Phylogeny is one of the more interesting tools which allows for the recontextualization of a species into finding its place in the collection of evolutionary relationships shining new light on how similar the machinery is between all organisms. As was discussed in the introduction this was motivated by trying to place the isoprenyl production that uniquely makes up archaeal membranes in an evolutionary context to see where it may have come from. This result provides some surprising conclusions. As many of the eukaryote are much more closely tied to archaea then bacteria, an assumption that the 2 compared eukaryotes would have greater similarity between their geranylgeranyl diphosphate synthase which in archaea is referred to as bifunctional short chain isoprenyl diphosphate synthase. This turned out to be difficult to make a worse prediction. As can be seen in Figure 3 with the dramatically long tail to Homo sapiens and the amoeba Entamoeba histolytica. This indicates that there is a larger connection between bacterial metabolism and archaeal membranes then to their closer genetic relatives in Eukarya. This does make some sense as even though archaea and eukaryotes share much of their 16s gene, the eukaryotic membrane does not have the cyclic isoprenyl.

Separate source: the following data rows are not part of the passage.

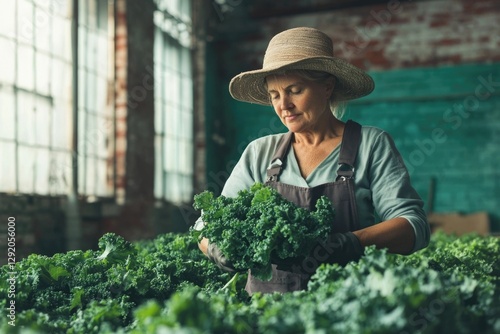 kale, farmer, woman, senior, agriculture, farming, greenhouse, harvesting, healthy, vegetable, gardening, organic, food, produce, farm, rural, countryside, healthy eating, fresh, green, leaf, crop, plant, nature, dirtied, sustainable, local, environmentally friendly, growth, cultivation, nourishment, vitamin, antioxidant, salad, cooking
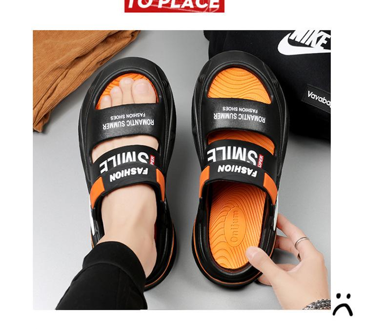 Sandálias e chinelos de duas roupas de sola grossa para homens e mulheres Outfit Sandálias de praia de chinelos de uma palavra de sola macia para cabelo
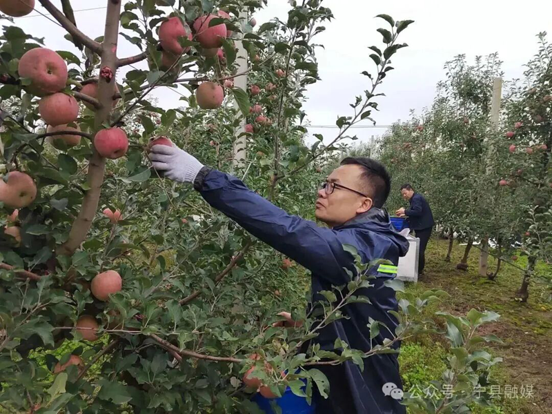 寧縣組織動員全縣各機關、企事業單位干部職工,第一時間下沉至農業生產一線,重點支援蘋果種植集中的村鎮,爭分奪秒協助果農搶收蘋果。
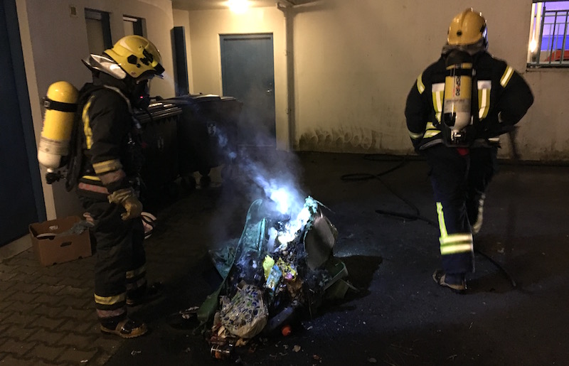 Laust fyrir klukkan hálf tólf í kvöld var Neyðarlínunni tilkynnt um eld í fjölbýlishúsi við Álftarima á Selfossi. Þar kviknaði í stórri ruslatunnu í geymslu á neðstu hæð hússins.
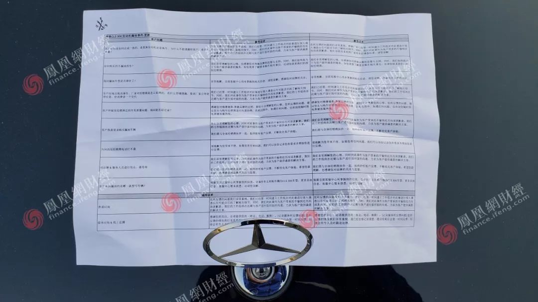 西安奔驰女车主维权一事持续发酵,4月15日,凤凰网财经来到位于北京朝阳区的极光星徽奔驰4S店实地探访奔驰金融服务费事宜。有趣的是,在4S店现场,凤凰网财经独家获得了一份奔驰关于“奔驰CLS 300发动机漏油事件”客户、媒体等关心问题回应的参考话术文本。
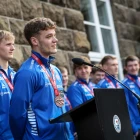 HB hevur víst seg sum ein hart arbeiðandi eind higartil í 2024. Her fegnast teir um sigursmálið hjá Bartal Wardum í sigrinum á KÍ sunnudagin (Mynd: Sverri Egholm)
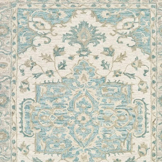 5' X 8' Blue Wool Floral Medallion Hand Tufted Area Rug
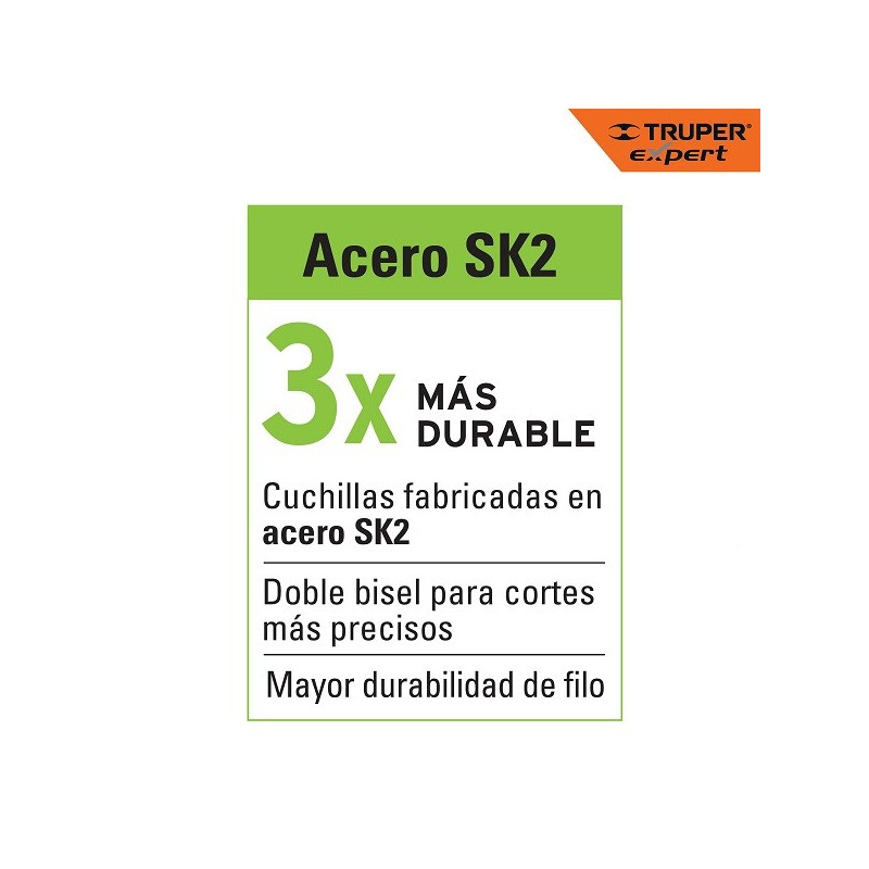 Cuchillas para acrilico para NV-7X y NM-6, 10u, Truper 101118 Hoja con perfil de gancho, permite cortes en materiales de mayor grosor sin maltratarlos Acero SK2 3X más durable que acero al carbono Para navajas NV-7X, NV-6X, NM-6S, NM-6 y NM-6P Ideal para corte de acrílico, cartón linóleo y alfombra Dispensador con 10 piezas
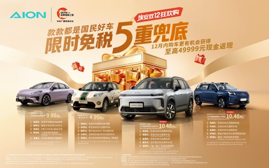 新能源領(lǐng)軍企業(yè)廣汽埃安,率先啟動“埃安雙12狂歡購”,以高品質(zhì)國民好車,疊加行業(yè)首個“限時免稅5重兜底”,為消費(fèi)者送上“定心丸”。不僅承諾購置稅兜底、提供豐厚禮包,更有購車搶至高49999元現(xiàn)金返現(xiàn)超級福利,堪稱年末不容錯過的“抄底”良機(jī),讓家庭用戶省錢省心把愛車開回家。

Figure 5: Archaea 16S ribosomal RNA phylogeny[7]
Figure 6: Initial "Gap" in aligned genes which propagated errors
The other area that was explored in this experiment was the prediction of ancestral gene sequences. Using the Maximum Likelihood algorithm, it was possible to work backwards from the archaea to generate most likely sequences. These clearly had several issues as the error compounds dramatically to the point where the likelihood for this sequence being correct was so small it was incalculable with the built-in error analyzer being set to 0. This is not necessarily of concern as the value should be extremely small and to improve this a new plugin will have to be coded for arbitrary precision. The largest problem with the dataset that caused issues is when aligning the nucleotide coding sequences they did not align along the start codon which accounted for some weird errors when propagating the values forward and is the reason why the theoretical DNA sequence starts with a “GTG” instead of an ATG. This is doubly unfortunate due to the computer suggesting that the probability of starting with a G is over 90%.